- [Task brief]:
What is needed is an exact copy of the lines in the entries below from the one holding "is about making" through the one holding "- Ives Silk", pictures excluded.

- [Input]:

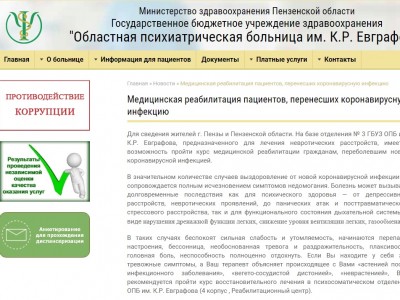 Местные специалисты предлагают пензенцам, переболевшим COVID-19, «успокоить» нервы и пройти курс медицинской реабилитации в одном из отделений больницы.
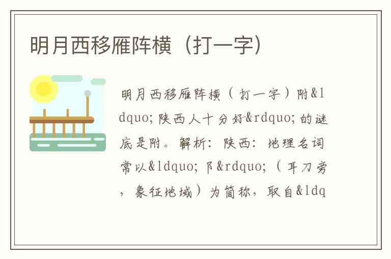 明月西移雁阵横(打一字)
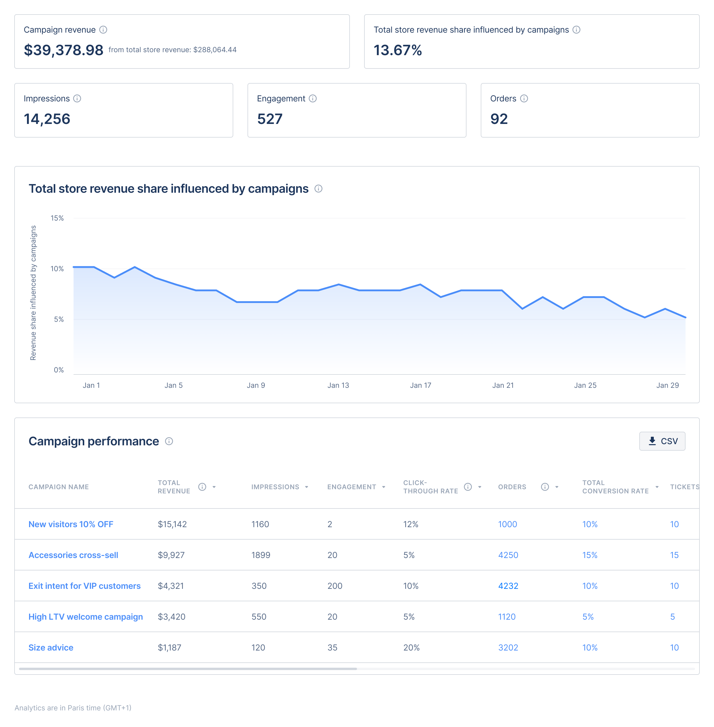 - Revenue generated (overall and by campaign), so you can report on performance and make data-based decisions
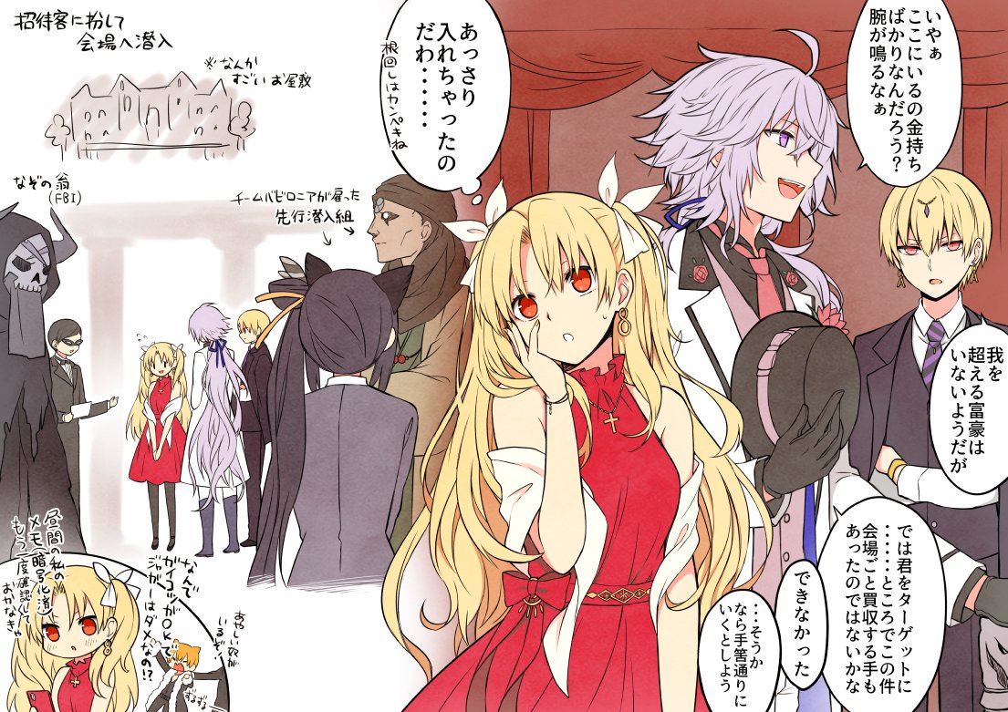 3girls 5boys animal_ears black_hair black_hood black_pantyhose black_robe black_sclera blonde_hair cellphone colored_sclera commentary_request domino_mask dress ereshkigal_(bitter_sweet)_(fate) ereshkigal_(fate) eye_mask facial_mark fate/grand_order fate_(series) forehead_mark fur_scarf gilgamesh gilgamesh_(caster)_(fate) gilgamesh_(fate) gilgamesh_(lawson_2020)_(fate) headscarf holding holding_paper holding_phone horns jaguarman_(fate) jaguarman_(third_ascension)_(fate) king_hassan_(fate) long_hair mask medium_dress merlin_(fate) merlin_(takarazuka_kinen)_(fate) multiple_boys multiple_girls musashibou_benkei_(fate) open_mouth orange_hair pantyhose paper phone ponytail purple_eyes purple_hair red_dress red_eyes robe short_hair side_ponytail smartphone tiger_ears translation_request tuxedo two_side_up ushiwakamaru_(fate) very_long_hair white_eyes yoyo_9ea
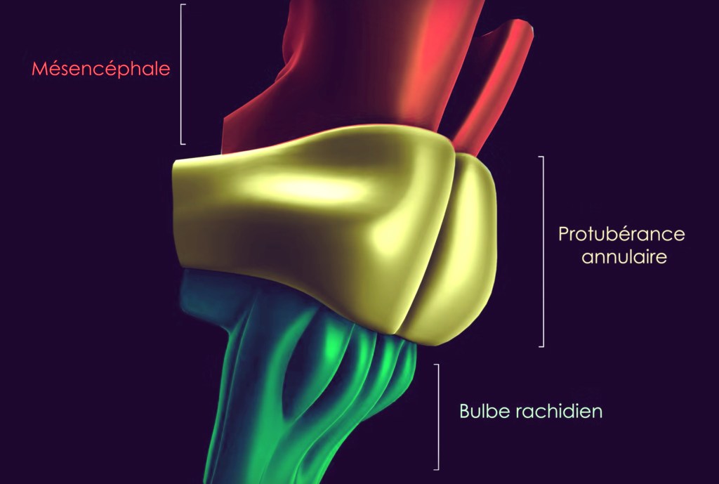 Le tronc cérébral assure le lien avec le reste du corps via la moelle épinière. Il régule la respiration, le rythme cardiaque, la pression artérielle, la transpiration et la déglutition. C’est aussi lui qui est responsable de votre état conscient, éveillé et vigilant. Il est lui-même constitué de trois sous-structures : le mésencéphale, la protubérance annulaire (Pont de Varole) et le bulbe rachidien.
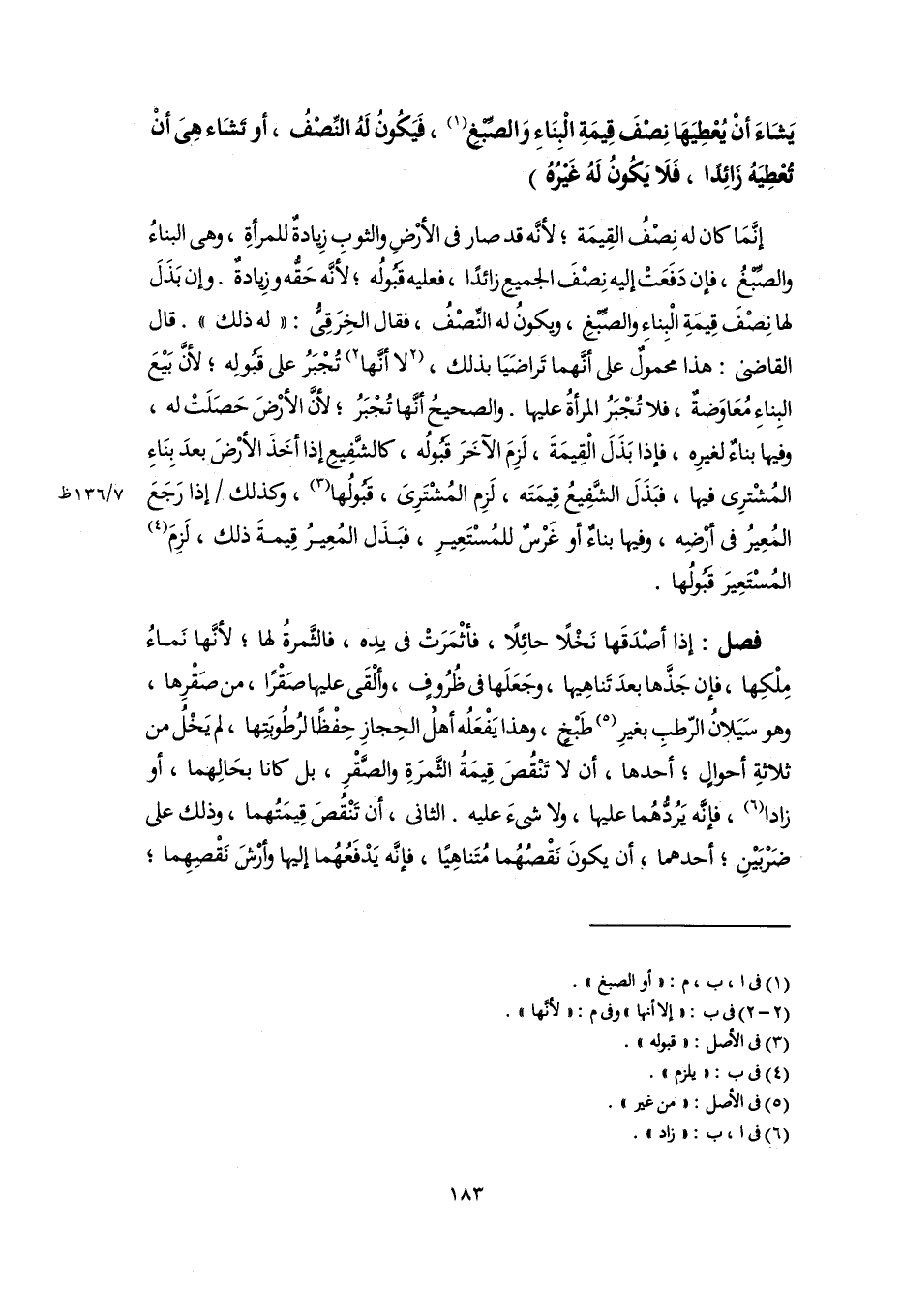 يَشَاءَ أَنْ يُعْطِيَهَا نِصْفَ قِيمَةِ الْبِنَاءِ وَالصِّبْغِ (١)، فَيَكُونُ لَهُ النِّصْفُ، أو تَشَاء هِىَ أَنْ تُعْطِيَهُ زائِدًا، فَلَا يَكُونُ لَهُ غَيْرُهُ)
* * *
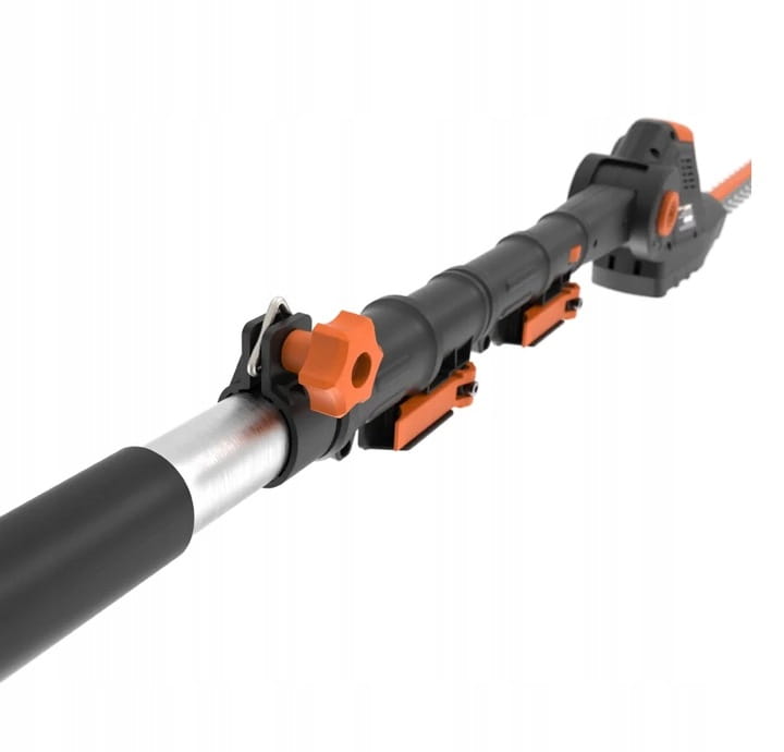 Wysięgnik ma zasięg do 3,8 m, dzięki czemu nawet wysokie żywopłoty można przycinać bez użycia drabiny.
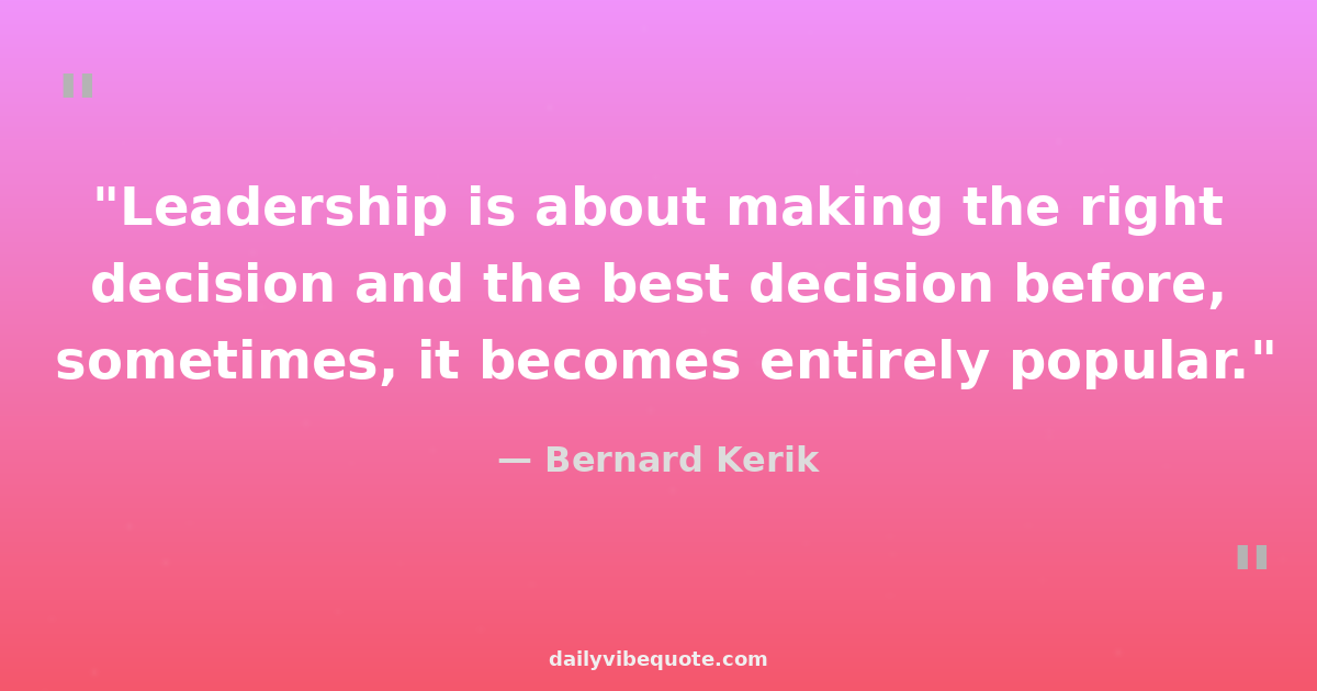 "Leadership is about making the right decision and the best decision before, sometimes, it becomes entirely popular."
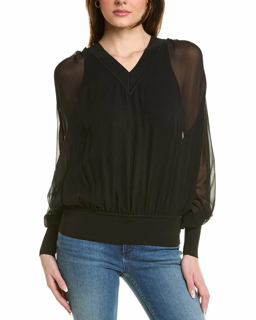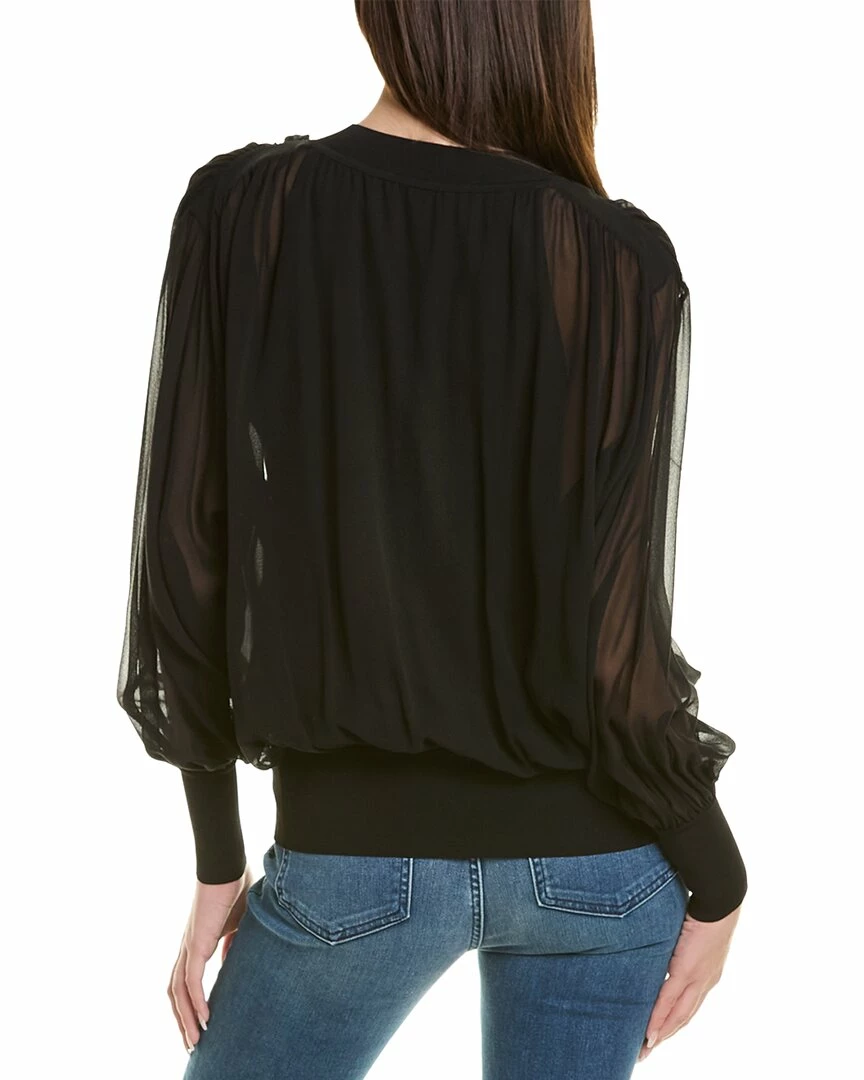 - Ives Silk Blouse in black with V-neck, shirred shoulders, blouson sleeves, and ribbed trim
* * *
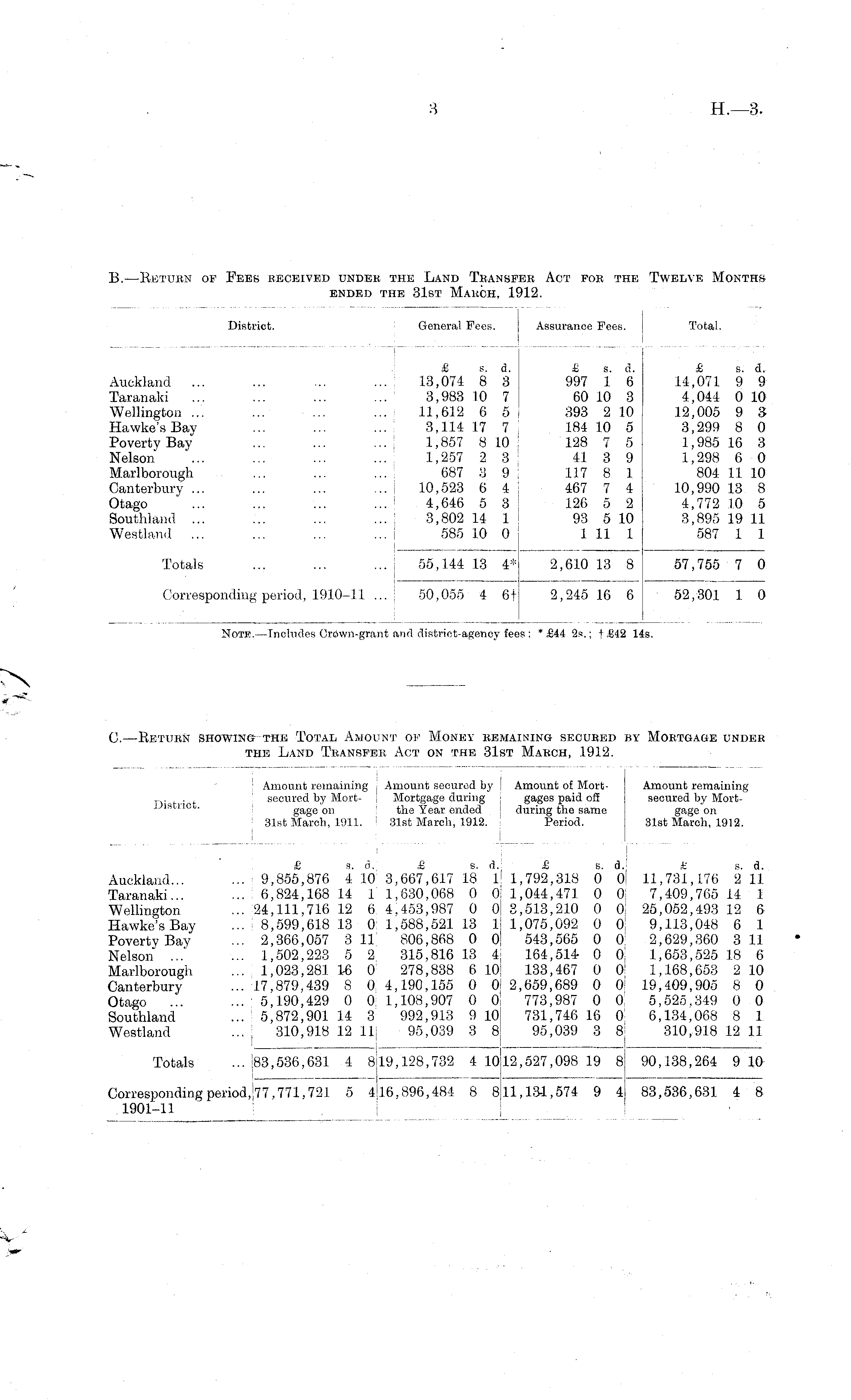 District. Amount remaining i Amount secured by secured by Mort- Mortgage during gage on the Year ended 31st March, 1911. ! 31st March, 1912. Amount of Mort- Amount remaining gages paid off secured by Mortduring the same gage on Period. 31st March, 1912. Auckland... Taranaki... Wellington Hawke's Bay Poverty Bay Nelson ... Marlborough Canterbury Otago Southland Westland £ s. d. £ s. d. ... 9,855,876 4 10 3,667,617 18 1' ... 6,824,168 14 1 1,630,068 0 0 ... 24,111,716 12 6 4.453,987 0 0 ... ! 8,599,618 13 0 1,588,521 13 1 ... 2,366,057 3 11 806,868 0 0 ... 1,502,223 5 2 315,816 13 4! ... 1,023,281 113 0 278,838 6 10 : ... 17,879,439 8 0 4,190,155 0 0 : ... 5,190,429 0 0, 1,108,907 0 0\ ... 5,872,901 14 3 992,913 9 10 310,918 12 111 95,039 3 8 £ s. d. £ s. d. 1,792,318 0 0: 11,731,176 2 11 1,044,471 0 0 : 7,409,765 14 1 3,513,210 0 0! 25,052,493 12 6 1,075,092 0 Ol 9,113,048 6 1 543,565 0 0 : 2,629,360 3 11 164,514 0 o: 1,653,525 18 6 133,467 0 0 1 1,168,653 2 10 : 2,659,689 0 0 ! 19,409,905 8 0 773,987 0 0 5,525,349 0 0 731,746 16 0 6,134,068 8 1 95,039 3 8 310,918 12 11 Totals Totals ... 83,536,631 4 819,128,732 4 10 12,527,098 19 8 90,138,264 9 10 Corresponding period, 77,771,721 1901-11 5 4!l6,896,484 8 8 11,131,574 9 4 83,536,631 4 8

- [Final answer]:
 "Leadership is about making the right decision and the best decision before, sometimes, it becomes entirely popular."
 - Ives Silk Blouse in black with V-neck, shirred shoulders, blouson sleeves, and ribbed trim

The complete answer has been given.